Copy the data below. Keep every line exactly as it is.

◆ ◆ ◆ ◆ ◆ ◆ ◆

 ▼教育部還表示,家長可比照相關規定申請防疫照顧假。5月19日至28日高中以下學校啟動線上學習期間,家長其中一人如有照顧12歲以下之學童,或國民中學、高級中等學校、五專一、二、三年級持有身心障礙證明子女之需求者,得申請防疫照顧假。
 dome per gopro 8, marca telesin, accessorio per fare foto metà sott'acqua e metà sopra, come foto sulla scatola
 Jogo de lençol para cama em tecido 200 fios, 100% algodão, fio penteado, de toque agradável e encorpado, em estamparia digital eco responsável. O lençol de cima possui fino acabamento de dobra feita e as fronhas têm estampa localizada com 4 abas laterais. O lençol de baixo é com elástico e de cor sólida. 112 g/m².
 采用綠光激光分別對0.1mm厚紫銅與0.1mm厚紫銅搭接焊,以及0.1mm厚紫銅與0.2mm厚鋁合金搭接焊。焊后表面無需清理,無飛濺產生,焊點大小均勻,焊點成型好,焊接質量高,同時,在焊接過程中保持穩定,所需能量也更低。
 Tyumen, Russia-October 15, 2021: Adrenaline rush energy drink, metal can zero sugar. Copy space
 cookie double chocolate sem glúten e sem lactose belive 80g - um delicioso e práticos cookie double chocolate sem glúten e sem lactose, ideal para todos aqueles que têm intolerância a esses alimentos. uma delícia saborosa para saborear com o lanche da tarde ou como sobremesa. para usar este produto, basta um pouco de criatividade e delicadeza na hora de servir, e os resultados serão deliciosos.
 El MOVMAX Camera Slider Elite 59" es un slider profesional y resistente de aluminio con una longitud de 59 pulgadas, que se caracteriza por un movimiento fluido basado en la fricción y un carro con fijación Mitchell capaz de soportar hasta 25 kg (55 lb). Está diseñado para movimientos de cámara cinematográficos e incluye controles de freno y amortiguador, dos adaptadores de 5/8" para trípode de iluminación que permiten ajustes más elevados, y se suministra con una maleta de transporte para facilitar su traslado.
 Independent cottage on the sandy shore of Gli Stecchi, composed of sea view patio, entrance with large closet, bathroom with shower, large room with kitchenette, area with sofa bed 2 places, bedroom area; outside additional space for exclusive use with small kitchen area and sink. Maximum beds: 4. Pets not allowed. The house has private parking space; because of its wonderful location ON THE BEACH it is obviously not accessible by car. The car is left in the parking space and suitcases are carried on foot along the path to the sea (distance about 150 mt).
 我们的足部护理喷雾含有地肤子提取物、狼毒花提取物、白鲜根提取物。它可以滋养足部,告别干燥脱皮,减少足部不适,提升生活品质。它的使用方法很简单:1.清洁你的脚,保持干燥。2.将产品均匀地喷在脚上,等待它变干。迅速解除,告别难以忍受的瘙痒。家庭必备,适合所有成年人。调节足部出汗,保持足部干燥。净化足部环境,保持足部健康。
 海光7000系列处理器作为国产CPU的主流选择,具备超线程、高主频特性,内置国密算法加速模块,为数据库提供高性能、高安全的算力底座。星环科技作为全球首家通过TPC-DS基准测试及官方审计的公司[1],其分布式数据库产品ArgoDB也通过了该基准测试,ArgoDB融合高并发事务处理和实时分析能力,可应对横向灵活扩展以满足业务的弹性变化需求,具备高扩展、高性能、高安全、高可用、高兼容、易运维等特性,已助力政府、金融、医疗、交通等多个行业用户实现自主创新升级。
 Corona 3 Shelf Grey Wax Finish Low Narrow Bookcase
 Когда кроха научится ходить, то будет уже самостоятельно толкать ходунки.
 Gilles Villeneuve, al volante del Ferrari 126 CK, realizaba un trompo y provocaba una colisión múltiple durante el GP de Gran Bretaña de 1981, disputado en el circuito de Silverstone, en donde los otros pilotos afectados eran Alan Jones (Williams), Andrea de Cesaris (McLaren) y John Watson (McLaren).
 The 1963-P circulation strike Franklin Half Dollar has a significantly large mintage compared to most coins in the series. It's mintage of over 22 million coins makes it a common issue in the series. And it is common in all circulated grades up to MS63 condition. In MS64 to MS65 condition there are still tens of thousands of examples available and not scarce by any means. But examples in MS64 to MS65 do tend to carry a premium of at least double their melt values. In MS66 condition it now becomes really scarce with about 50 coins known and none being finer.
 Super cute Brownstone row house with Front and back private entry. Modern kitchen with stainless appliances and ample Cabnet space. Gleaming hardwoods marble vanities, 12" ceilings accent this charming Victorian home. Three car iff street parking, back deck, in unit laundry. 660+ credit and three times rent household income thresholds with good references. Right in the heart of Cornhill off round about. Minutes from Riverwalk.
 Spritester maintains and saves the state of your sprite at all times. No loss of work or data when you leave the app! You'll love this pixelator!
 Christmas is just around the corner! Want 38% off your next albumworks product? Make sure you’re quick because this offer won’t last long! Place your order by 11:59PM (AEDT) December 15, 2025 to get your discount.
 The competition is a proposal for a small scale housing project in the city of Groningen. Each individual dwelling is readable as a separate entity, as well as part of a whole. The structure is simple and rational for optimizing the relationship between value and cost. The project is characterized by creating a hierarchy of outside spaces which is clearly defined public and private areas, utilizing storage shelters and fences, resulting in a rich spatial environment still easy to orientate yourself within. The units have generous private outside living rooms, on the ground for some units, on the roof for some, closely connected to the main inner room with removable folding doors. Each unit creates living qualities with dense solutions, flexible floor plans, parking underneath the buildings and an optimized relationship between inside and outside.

◆ ◆ ◆ ◆ ◆ ◆ ◆

→ Answer box:
 ▼教育部還表示,家長可比照相關規定申請防疫照顧假。5月19日至28日高中以下學校啟動線上學習期間,家長其中一人如有照顧12歲以下之學童,或國民中學、高級中等學校、五專一、二、三年級持有身心障礙證明子女之需求者,得申請防疫照顧假。
 dome per gopro 8, marca telesin, accessorio per fare foto metà sott'acqua e metà sopra, come foto sulla scatola
 Jogo de lençol para cama em tecido 200 fios, 100% algodão, fio penteado, de toque agradável e encorpado, em estamparia digital eco responsável. O lençol de cima possui fino acabamento de dobra feita e as fronhas têm estampa localizada com 4 abas laterais. O lençol de baixo é com elástico e de cor sólida. 112 g/m².
 采用綠光激光分別對0.1mm厚紫銅與0.1mm厚紫銅搭接焊,以及0.1mm厚紫銅與0.2mm厚鋁合金搭接焊。焊后表面無需清理,無飛濺產生,焊點大小均勻,焊點成型好,焊接質量高,同時,在焊接過程中保持穩定,所需能量也更低。
 Tyumen, Russia-October 15, 2021: Adrenaline rush energy drink, metal can zero sugar. Copy space
 cookie double chocolate sem glúten e sem lactose belive 80g - um delicioso e práticos cookie double chocolate sem glúten e sem lactose, ideal para todos aqueles que têm intolerância a esses alimentos. uma delícia saborosa para saborear com o lanche da tarde ou como sobremesa. para usar este produto, basta um pouco de criatividade e delicadeza na hora de servir, e os resultados serão deliciosos.
 El MOVMAX Camera Slider Elite 59" es un slider profesional y resistente de aluminio con una longitud de 59 pulgadas, que se caracteriza por un movimiento fluido basado en la fricción y un carro con fijación Mitchell capaz de soportar hasta 25 kg (55 lb). Está diseñado para movimientos de cámara cinematográficos e incluye controles de freno y amortiguador, dos adaptadores de 5/8" para trípode de iluminación que permiten ajustes más elevados, y se suministra con una maleta de transporte para facilitar su traslado.
 Independent cottage on the sandy shore of Gli Stecchi, composed of sea view patio, entrance with large closet, bathroom with shower, large room with kitchenette, area with sofa bed 2 places, bedroom area; outside additional space for exclusive use with small kitchen area and sink. Maximum beds: 4. Pets not allowed. The house has private parking space; because of its wonderful location ON THE BEACH it is obviously not accessible by car. The car is left in the parking space and suitcases are carried on foot along the path to the sea (distance about 150 mt).
 我们的足部护理喷雾含有地肤子提取物、狼毒花提取物、白鲜根提取物。它可以滋养足部,告别干燥脱皮,减少足部不适,提升生活品质。它的使用方法很简单:1.清洁你的脚,保持干燥。2.将产品均匀地喷在脚上,等待它变干。迅速解除,告别难以忍受的瘙痒。家庭必备,适合所有成年人。调节足部出汗,保持足部干燥。净化足部环境,保持足部健康。
 海光7000系列处理器作为国产CPU的主流选择,具备超线程、高主频特性,内置国密算法加速模块,为数据库提供高性能、高安全的算力底座。星环科技作为全球首家通过TPC-DS基准测试及官方审计的公司[1],其分布式数据库产品ArgoDB也通过了该基准测试,ArgoDB融合高并发事务处理和实时分析能力,可应对横向灵活扩展以满足业务的弹性变化需求,具备高扩展、高性能、高安全、高可用、高兼容、易运维等特性,已助力政府、金融、医疗、交通等多个行业用户实现自主创新升级。
 Corona 3 Shelf Grey Wax Finish Low Narrow Bookcase
 Когда кроха научится ходить, то будет уже самостоятельно толкать ходунки.
 Gilles Villeneuve, al volante del Ferrari 126 CK, realizaba un trompo y provocaba una colisión múltiple durante el GP de Gran Bretaña de 1981, disputado en el circuito de Silverstone, en donde los otros pilotos afectados eran Alan Jones (Williams), Andrea de Cesaris (McLaren) y John Watson (McLaren).
 The 1963-P circulation strike Franklin Half Dollar has a significantly large mintage compared to most coins in the series. It's mintage of over 22 million coins makes it a common issue in the series. And it is common in all circulated grades up to MS63 condition. In MS64 to MS65 condition there are still tens of thousands of examples available and not scarce by any means. But examples in MS64 to MS65 do tend to carry a premium of at least double their melt values. In MS66 condition it now becomes really scarce with about 50 coins known and none being finer.
 Super cute Brownstone row house with Front and back private entry. Modern kitchen with stainless appliances and ample Cabnet space. Gleaming hardwoods marble vanities, 12" ceilings accent this charming Victorian home. Three car iff street parking, back deck, in unit laundry. 660+ credit and three times rent household income thresholds with good references. Right in the heart of Cornhill off round about. Minutes from Riverwalk.
 Spritester maintains and saves the state of your sprite at all times. No loss of work or data when you leave the app! You'll love this pixelator!
 Christmas is just around the corner! Want 38% off your next albumworks product? Make sure you’re quick because this offer won’t last long! Place your order by 11:59PM (AEDT) December 15, 2025 to get your discount.
 The competition is a proposal for a small scale housing project in the city of Groningen. Each individual dwelling is readable as a separate entity, as well as part of a whole. The structure is simple and rational for optimizing the relationship between value and cost. The project is characterized by creating a hierarchy of outside spaces which is clearly defined public and private areas, utilizing storage shelters and fences, resulting in a rich spatial environment still easy to orientate yourself within. The units have generous private outside living rooms, on the ground for some units, on the roof for some, closely connected to the main inner room with removable folding doors. Each unit creates living qualities with dense solutions, flexible floor plans, parking underneath the buildings and an optimized relationship between inside and outside.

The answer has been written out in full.